Kasus Pengeroyokan di Sempor, 3 Pelaku Diamankan
- account_circle Hari Satria
- calendar_month Kam, 15 Mei 2025
- visibility 661
- comment 0 komentar

SEMPOR (KebumenUpdate.com) – Operasi penertiban premanisme di Kebumen tidak hanya menyasar pelaku, tetapi juga berupaya melindungi warga dari aksi kekerasan. Baru-baru ini, seorang laki-laki inisial OK (27) warga Kecamatan Sempor, menjadi korban pengeroyokan yang diduga dilakukan oleh tiga orang pelaku.
Laporan yang diterima pada 14 Mei 2025 mengungkap kejadian yang berlangsung di sebuah warung mie ayam di Desa Jatinegara pada dini hari. OK, yang malam itu berencana menghabiskan waktu bersama teman-temannya, justru bertemu dengan sekelompok orang yang memiliki dendam lama. Ia diserang menggunakan knuckle, palu, dan silet, yang mengakibatkan luka robek yang serius.
“Korban mengalami luka yang cukup parah dan harus mendapatkan perawatan intensif di rumah sakit,” ujar Wakapolres Kompol Faris Budiman saat memberikan keterangan pers, Kamis 15 Mei 2025.
Kompol Faris menambahkan bahwa para pelaku, EA (37) warga Desa Kedungpuji Gombong, AM (34) warga Desa Tanggeran Sruweng, dan ES (39) warga Desa Tambakmulyo Puring, nekat melakukan aksi keji tersebut karena prasangka bahwa korban telah mencuri uang mereka.

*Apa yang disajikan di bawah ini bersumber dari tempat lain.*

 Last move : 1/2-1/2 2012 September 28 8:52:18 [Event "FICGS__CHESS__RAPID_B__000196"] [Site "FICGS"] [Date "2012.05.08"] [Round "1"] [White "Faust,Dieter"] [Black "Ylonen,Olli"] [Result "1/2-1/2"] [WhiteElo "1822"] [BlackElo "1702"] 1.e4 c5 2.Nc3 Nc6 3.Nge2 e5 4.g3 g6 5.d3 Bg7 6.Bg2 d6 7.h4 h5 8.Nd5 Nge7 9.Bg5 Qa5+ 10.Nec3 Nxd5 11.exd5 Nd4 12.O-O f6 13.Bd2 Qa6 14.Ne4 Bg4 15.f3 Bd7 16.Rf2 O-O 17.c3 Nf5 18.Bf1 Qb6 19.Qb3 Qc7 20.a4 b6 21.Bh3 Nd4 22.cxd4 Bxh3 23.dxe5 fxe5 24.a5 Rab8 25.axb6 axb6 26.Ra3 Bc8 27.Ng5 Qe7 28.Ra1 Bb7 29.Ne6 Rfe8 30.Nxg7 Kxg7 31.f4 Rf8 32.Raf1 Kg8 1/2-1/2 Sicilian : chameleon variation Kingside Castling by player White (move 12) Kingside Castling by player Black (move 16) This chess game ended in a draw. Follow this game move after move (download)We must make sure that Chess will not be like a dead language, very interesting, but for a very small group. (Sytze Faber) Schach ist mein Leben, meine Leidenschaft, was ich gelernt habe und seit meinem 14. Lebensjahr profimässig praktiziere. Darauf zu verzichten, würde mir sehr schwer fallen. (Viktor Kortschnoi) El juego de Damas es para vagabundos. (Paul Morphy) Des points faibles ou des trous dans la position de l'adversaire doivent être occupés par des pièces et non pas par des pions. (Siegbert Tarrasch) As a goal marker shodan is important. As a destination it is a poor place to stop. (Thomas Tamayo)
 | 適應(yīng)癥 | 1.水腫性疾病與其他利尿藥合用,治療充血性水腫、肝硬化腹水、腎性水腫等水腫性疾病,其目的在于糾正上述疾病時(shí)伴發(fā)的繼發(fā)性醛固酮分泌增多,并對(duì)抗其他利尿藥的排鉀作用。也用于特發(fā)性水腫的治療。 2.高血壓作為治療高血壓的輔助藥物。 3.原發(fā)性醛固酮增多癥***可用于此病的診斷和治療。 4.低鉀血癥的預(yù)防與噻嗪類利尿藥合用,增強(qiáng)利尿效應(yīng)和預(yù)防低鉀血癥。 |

Istri OK yang panik segera melarikannya ke RS PKU Muhammadiyah Gombong setelah dibawa pulang oleh rekannya. Keberaniannya melaporkan kejadian ini ke Polsek Sempor menjadi kunci terungkapnya kasus ini.
Polres Kebumen bergerak cepat dengan mengamankan sejumlah barang bukti yang memperkuat dugaan keterlibatan para pelaku, termasuk senjata yang digunakan, pakaian, dan kendaraan mereka. Langkah-langkah penyidikan intensif telah dilakukan, termasuk pemeriksaan saksi dan pelaku, hingga akhirnya penetapan status tersangka.
Para pelaku kini harus mempertanggungjawabkan perbuatan mereka di hadapan hukum dengan jeratan Pasal 170 KUHPidana.
Wakapolres Kompol Faris Budiman menegaskan bahwa kasus ini menjadi bukti komitmen mereka dalam memberantas premanisme hingga ke akar-akarnya.
“Kami akan terus bekerja keras untuk memastikan setiap warga Kebumen merasa aman dan terlindungi dari segala bentuk ancaman kekerasan,” tandasnya.